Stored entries
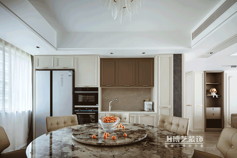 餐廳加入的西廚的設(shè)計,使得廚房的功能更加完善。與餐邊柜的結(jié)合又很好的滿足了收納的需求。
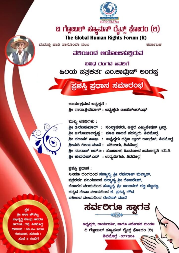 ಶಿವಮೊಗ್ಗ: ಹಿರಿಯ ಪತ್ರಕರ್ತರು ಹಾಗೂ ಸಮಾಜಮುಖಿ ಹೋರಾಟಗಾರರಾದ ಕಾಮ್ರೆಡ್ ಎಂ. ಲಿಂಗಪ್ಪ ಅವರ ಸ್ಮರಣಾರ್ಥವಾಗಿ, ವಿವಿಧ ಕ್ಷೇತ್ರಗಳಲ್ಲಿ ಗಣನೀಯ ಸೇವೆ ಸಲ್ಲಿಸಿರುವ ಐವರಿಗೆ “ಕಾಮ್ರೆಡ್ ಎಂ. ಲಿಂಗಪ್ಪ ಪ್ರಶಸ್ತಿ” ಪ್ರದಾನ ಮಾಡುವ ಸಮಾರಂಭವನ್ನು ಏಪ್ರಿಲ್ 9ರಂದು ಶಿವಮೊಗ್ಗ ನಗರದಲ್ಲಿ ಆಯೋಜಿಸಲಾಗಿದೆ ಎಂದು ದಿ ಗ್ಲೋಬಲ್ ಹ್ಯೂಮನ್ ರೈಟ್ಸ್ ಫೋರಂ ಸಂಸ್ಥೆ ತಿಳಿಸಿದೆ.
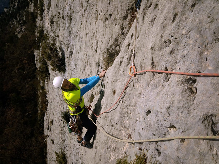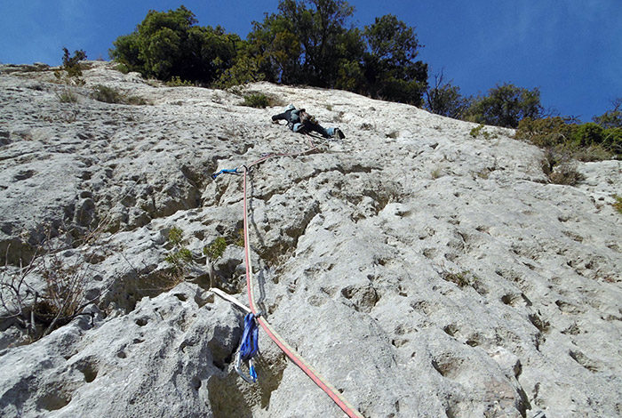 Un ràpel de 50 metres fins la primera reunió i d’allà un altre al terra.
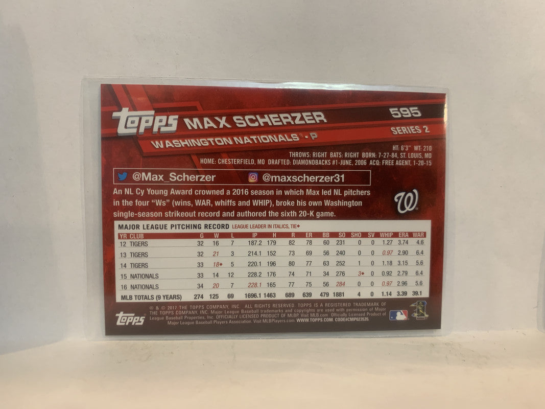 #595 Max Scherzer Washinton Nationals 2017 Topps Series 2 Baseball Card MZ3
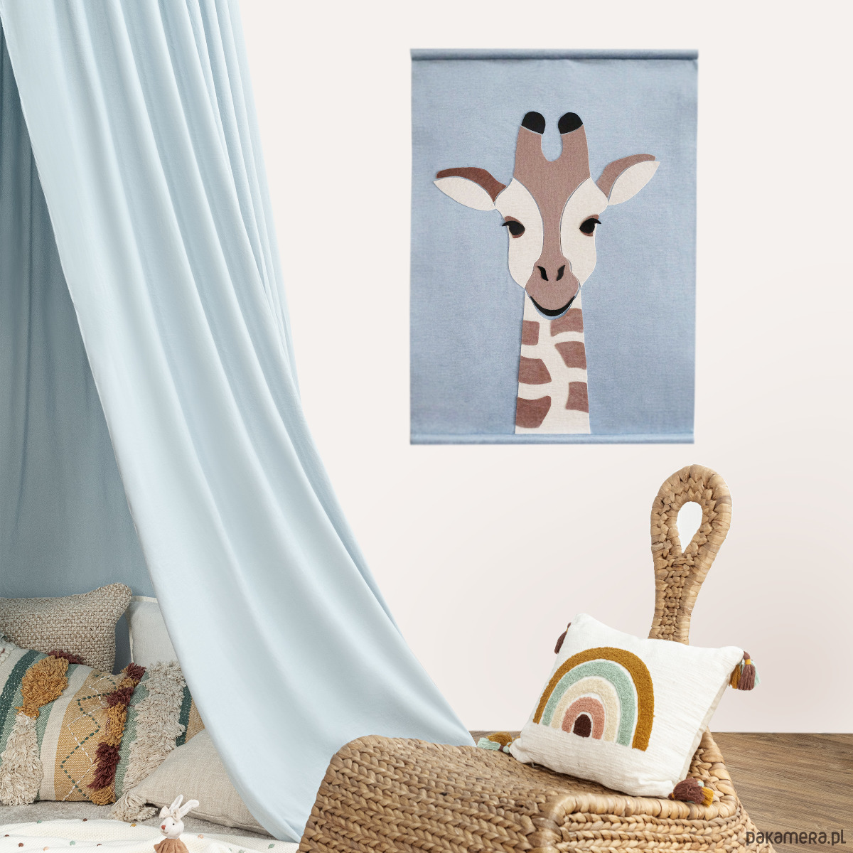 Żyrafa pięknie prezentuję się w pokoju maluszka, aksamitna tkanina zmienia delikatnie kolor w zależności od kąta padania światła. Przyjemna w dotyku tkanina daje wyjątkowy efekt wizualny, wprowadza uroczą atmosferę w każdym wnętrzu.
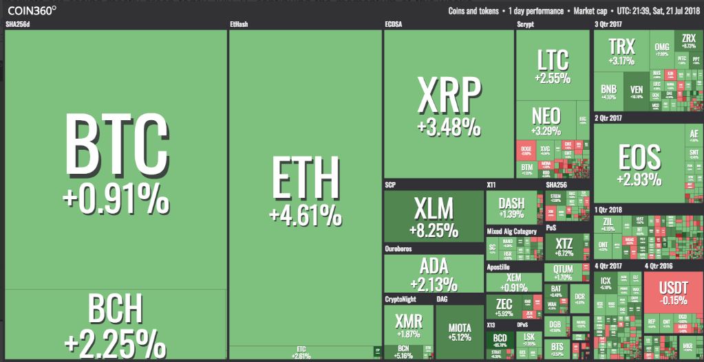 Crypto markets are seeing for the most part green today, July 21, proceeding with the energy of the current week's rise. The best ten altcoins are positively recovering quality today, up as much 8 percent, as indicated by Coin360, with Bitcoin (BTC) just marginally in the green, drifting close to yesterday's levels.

* [What this task involves]: The entries above should be given again exactly, minus any pictures.

* [Your solution]:
 餐廳加入的西廚的設(shè)計,使得廚房的功能更加完善。與餐邊柜的結(jié)合又很好的滿足了收納的需求。
 ಶಿವಮೊಗ್ಗ: ಹಿರಿಯ ಪತ್ರಕರ್ತರು ಹಾಗೂ ಸಮಾಜಮುಖಿ ಹೋರಾಟಗಾರರಾದ ಕಾಮ್ರೆಡ್ ಎಂ. ಲಿಂಗಪ್ಪ ಅವರ ಸ್ಮರಣಾರ್ಥವಾಗಿ, ವಿವಿಧ ಕ್ಷೇತ್ರಗಳಲ್ಲಿ ಗಣನೀಯ ಸೇವೆ ಸಲ್ಲಿಸಿರುವ ಐವರಿಗೆ “ಕಾಮ್ರೆಡ್ ಎಂ. ಲಿಂಗಪ್ಪ ಪ್ರಶಸ್ತಿ” ಪ್ರದಾನ ಮಾಡುವ ಸಮಾರಂಭವನ್ನು ಏಪ್ರಿಲ್ 9ರಂದು ಶಿವಮೊಗ್ಗ ನಗರದಲ್ಲಿ ಆಯೋಜಿಸಲಾಗಿದೆ ಎಂದು ದಿ ಗ್ಲೋಬಲ್ ಹ್ಯೂಮನ್ ರೈಟ್ಸ್ ಫೋರಂ ಸಂಸ್ಥೆ ತಿಳಿಸಿದೆ.
 Un ràpel de 50 metres fins la primera reunió i d’allà un altre al terra.
 #595 Max Scherzer Washinton Nationals 2017 Topps Series 2 Baseball Card MZ3
 Żyrafa pięknie prezentuję się w pokoju maluszka, aksamitna tkanina zmienia delikatnie kolor w zależności od kąta padania światła. Przyjemna w dotyku tkanina daje wyjątkowy efekt wizualny, wprowadza uroczą atmosferę w każdym wnętrzu.
 Crypto markets are seeing for the most part green today, July 21, proceeding with the energy of the current week's rise. The best ten altcoins are positively recovering quality today, up as much 8 percent, as indicated by Coin360, with Bitcoin (BTC) just marginally in the green, drifting close to yesterday's levels.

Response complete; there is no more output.